The potential counteracting effects of CBD were investigated, and another subset of rats was used. Specifically, rats were injected with KET (30 mg/kg, i.p.) or saline in their home cages once daily for 10 days followed by a washout period (2 days). Next, they were injected with CBD (10 mg/kg, i.p.) or vehicle, once daily for 5 days. Three days after the last CBD injection, the rats were introduced to the open-field apparatus and their motor activity was recorded for 1 hour.
Each treatment group was consisted of 10–14 rats. In particular, SAL/VEH: 14 rats, KETx7: 14 rats, KETx10: 11 rats (1 missing value), SAL/CBD: 12 rats, KET/CBD: 10 rats (2 missing values). The selected dose of KET (30 mg/kg) was based on our pilot experiments and previous studies which have shown that this dose is the appropriate for KET-induced schizophrenia-like model (Becker et al., 2003; Becker et al., 2009; Nikiforuk and Popik 2012; Kozela et al., 2020). CBD dose was selected based on our acute studies (Brakatselos et al., 2021), and our preliminary data which are in line with a recent study where CBD counteracted repeated KET (30 mg/kg)-induced effects on cognitive functions and transcriptomic alterations (Kozela et al., 2020). Moreover, the duration of the wash-out periods was chosen based on the aforementioned studies, and reports regarding KET (Zanos et al., 2018) and CBD (Hložek et al., 2017) pharmacokinetic properties.
Adult rats were used to assess the effects of CBD on 10-days KET-induced protein expression. Specifically, rats received KET (30 mg/kg, i.p.) or saline in their home cages once daily for 10 days followed by a washout period (2 days). Next, they were injected with CBD (10 mg/kg, i.p.) or vehicle once daily for 5 days. Three days after the last CBD injection, the rats were anesthetized with isoflurane, euthanized by decapitation and their brains were immediately removed over ice. Dissected prefrontal cortex, nucleus accumbens, dorsal hippocampus, and ventral hippocampus were then homogenized as previously described (Brakatselos et al., 2021; Poulia et al., 2021) with minor modifications.
Briefly, tissues were homogenized with RIPA buffer containing phosphatase and protease inhibitors. Protein lysates were diluted in Laemli loading buffer and heated at 95°C for 5 min. After electrophoresis, gels were semi-dry transferred onto a nitrocellulose membrane. Membranes were blocked in 5% non-fat milk/TBS-Tween 0.1% for 1 h at room temperature and incubated overnight at 4°C with one of the following primary antibodies: Anti-NMDA R1 (GluN1) (1:1,000, rabbit mAb, Cell Signaling 5704), anti-NMDA R2Α (GluN2Α) (1:1,000, rabbit mAb, Cell Signaling 4205), anti-NMDA R2B (GluN2B) (1:1,000, rabbit mAb, Cell Signaling 14544), anti-AMPA R1 (GluA1) (1:2,000, rabbit mAb Cell Signaling 13185), anti-AMPA R2 (GluA2) (1:2000, rabbit mAb, Cell Signalling 13607), anti-p44/42 MAPK (Erk1/2) (1:5,000, rabbit mAb, Cell Signaling 4695) and anti-phospho-p44/42 MAPK (Erk1/2) (Thr202/Tyr204) (1:5,000, rabbit Ab, Cell Signaling 9101).

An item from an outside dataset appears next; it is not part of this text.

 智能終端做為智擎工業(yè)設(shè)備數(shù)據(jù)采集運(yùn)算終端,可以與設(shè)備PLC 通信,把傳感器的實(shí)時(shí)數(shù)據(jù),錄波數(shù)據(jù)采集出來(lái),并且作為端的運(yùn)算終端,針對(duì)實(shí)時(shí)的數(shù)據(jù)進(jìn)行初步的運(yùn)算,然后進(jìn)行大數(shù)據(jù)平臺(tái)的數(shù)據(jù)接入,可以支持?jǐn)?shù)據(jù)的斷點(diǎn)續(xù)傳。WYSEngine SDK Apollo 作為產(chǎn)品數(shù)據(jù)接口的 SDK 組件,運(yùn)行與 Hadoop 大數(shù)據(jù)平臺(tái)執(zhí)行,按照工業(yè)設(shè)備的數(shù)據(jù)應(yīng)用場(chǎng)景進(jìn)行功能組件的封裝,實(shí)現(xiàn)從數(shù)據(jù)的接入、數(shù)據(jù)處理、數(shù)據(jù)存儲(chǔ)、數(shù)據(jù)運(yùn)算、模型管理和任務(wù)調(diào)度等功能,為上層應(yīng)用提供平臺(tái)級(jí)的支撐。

Next, membranes were incubated for 1 h at room temperature with an HRP-linked secondary antibody (1:5000, goat anti-rabbit IgG HRP-conjugate, Merck Millipore #12-348). Every sample was standardized with α-tubulin (1:4,000, rabbit mAb, Cell Signaling 2144).

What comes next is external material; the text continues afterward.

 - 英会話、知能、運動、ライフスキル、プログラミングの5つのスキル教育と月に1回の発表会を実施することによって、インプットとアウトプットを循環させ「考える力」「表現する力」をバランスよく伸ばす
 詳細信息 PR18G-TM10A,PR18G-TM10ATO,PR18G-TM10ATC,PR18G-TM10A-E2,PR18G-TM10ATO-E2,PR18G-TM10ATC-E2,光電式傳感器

Immunoreactive bands were visualized with enhanced chemiluminescence detection solutions (Biorad, Clarity™ Western ECL Blotting Substrates) using an XRS charge-coupled device camera (Bio-Rad Laboratories) and Quantity One software. The optical density of each protein band was normalized over the corresponding loading marker band (α-tubulin). Optical densities were quantified with ImageJ software.

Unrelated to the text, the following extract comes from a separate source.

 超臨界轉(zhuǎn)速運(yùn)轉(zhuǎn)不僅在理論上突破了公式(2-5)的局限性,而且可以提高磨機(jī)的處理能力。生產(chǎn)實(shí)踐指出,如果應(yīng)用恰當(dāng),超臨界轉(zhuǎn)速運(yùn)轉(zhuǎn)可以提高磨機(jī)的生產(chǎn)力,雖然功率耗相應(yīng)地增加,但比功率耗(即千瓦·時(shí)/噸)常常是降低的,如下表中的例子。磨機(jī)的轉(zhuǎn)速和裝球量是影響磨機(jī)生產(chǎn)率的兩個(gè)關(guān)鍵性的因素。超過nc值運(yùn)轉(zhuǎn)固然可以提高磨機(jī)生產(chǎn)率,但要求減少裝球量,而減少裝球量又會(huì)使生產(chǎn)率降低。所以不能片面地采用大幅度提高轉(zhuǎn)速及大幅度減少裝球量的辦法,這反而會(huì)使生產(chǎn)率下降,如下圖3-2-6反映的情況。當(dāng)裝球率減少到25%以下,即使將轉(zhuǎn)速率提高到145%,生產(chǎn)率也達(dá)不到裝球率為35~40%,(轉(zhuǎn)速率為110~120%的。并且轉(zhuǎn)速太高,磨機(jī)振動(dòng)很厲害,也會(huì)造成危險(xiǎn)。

To estimate the proportion of phosphorylated ERK1/2 (p-ERK1/2) over total ERK (t-ERK), the western blot analysis was executed with duplicated membranes; one was used for the detection of p-ERK1/2 and the other for the detection of total ERK1/2 levels. The ratio of the two normalized optical densities was calculated for each sample to determine the p-ERK/t-ERK ratio.
Effects of repeated KET administration on open-field activity (ambulatory distance) were analyzed using one-way ANOVA, with Bonferroni post-hoc test for multiple comparisons. Effects of CBD treatment after KET pre-administration on motor activity and neurobiological indices were analyzed using two-way ANOVA with Bonferroni post-hoc test for multiple comparisons. Analysis was performed with SPSS v.21 (IBM Corp, NY, United States). Data are presented as mean ± SD. Overall level of significance was set at p < 0.05.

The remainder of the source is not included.